In this article, we will discuss the key differences between TCP and UDP, including their uses. But before starting the discussion, if you don’t know about TCP or the Internet, please prefer to read the Working of TCP article first.
Overview
As you know, to send some data between devices that are connected to the internet, need some kind of rules and regulations to transmit the data. We have these two commonly used internet data transfer protocols.
TCP (Transmission Control Protocol)
UDP (User Datagram Protocol)
Let’s start by understanding the inner working is layman's terms.
Working of TCP
In TCP, when a client needs some data from the server, we need a connection, and the client does not know whether the connection exists or not. Therefore, when a client wants to send some data, TCP tries to build a strong connection using 3-Way handshaking. This is nothing special, but a smart mechanism. In this mechanism, the client first says “Hey server, I want to talk to you”, if the server gets the data, then the server says “okay, along with I am ready”, and if the client gets “okay”. Then the client sends “okay” to the server again. (Note that this is only the analogy; if you want to know the real thing, follow our TCP Internal article)
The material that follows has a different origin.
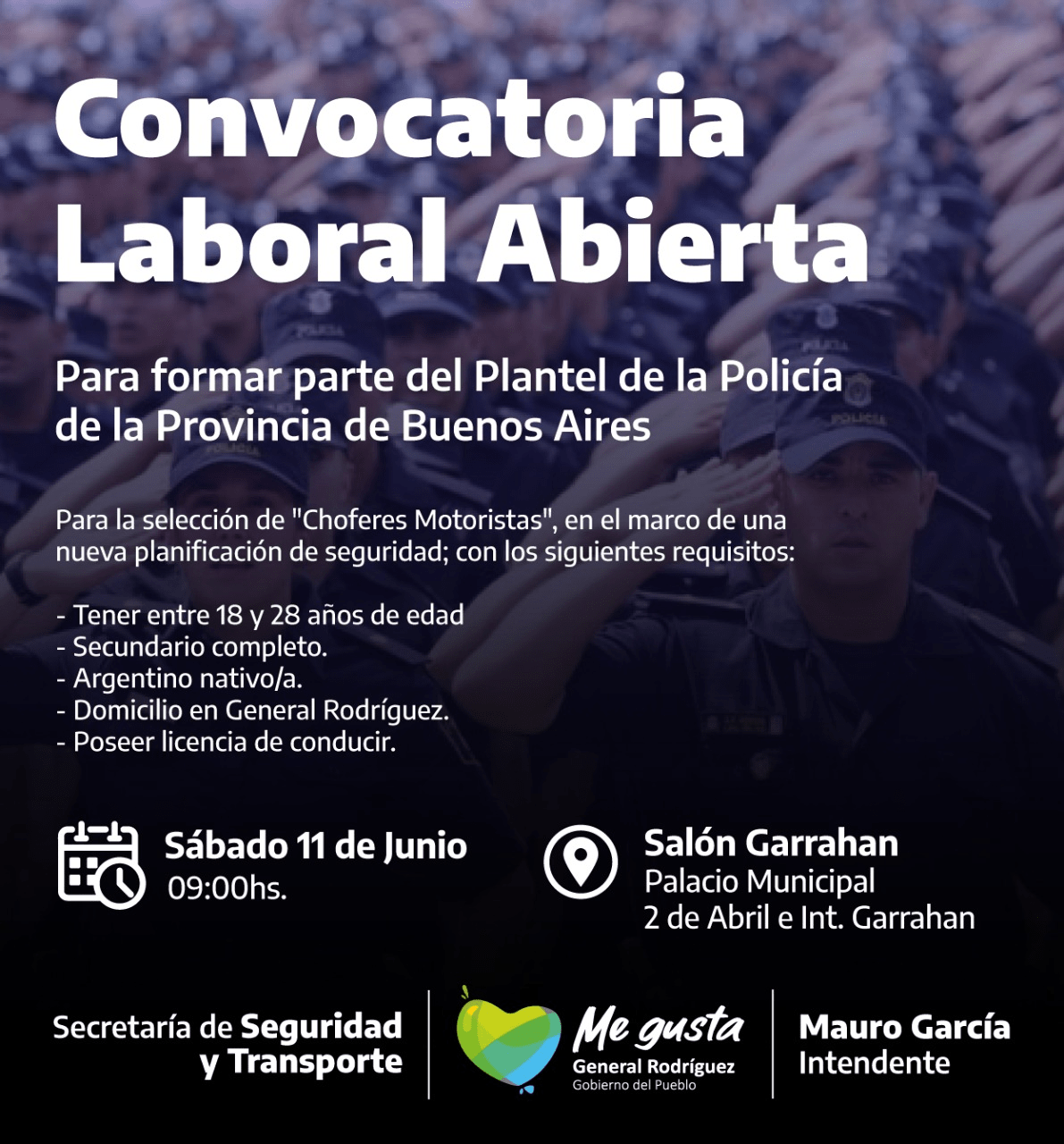 Los requisitos solicitados para postularse son tener entre 18 y 28 años de edad, contar con secundario completo, ser argentino/a nativo/a, con domicilio en General Rodríguez y poseer Licencia de Conducir.

Once this connection is established client actually starts sending the data.
Benefits of TCP
Due to the smart handshaking, it is reliable.
If the client sends some data and does not receive the acknowledgment client starts to retransmit the data
TCP maintains the order of data packets by only sending the next data packet after getting an acknowledgment for the previous packet from the server.
TCP actually attaches some extra bits of data so that it can handle errors in the data during transmission.
Problems of TCP
Everytime clinet need to send some data, it actually creates a strong connection,n which is time-consuming.
This is slow.
The working of handshaking is confusing for beginners.
Usages
Where data reliability matters, TCP is widely preferred to use.
Transactional SMS of a bank.
Finance management application.
Working of UDP
If you remove the handshaking and the acknowledgement part from TCP, we are actually left with the protocol named UDP.
Benefits of UDP
It doesn’t need any connection; due to this, UDP is very fast.
It can send data in real time because the speed of data transfer is too high.
Problem of UDP
It is not reliable.
It doesn’t take the guarantee of successful data transmission.
Data may be received in the wrong order.
Usages
Where data should be transferred in real time, UDP is preferred to use.
Real-time Video calling app
Live streaming

HTTP vs TCP
This is a topic where many beginners get confused between HTTP and TCP. TCP provides reliable delivery for any application data (web, mail, file transfer, etc.) in a safe and ordered manner. Whereas HTTP (HyperText Transfer Protocol) is an application-layer protocol used to transfer web resources such as HTML pages, CSS files, images, and JSON data. To send this HTTP data over the internet, HTTP usually runs on top of TCP, and TCP ensures the data is delivered correctly and in order.
Actually, TCP is working on the OSI layer 4 or TCP/IP layer 2. And HTTP is an application-layer protocol. So HTTP runs on top of TCP. It depends on TCP as the transport.

Conclusion
Both TCP and UDP has there one benefit with their own trade-offs. We as users select between these two protocol as your usecase. If reliability and data consistency are our main priority, then TCP is the best. If real-time data transmission is our main focus, reliability is a secondary concern, then UDP is the best.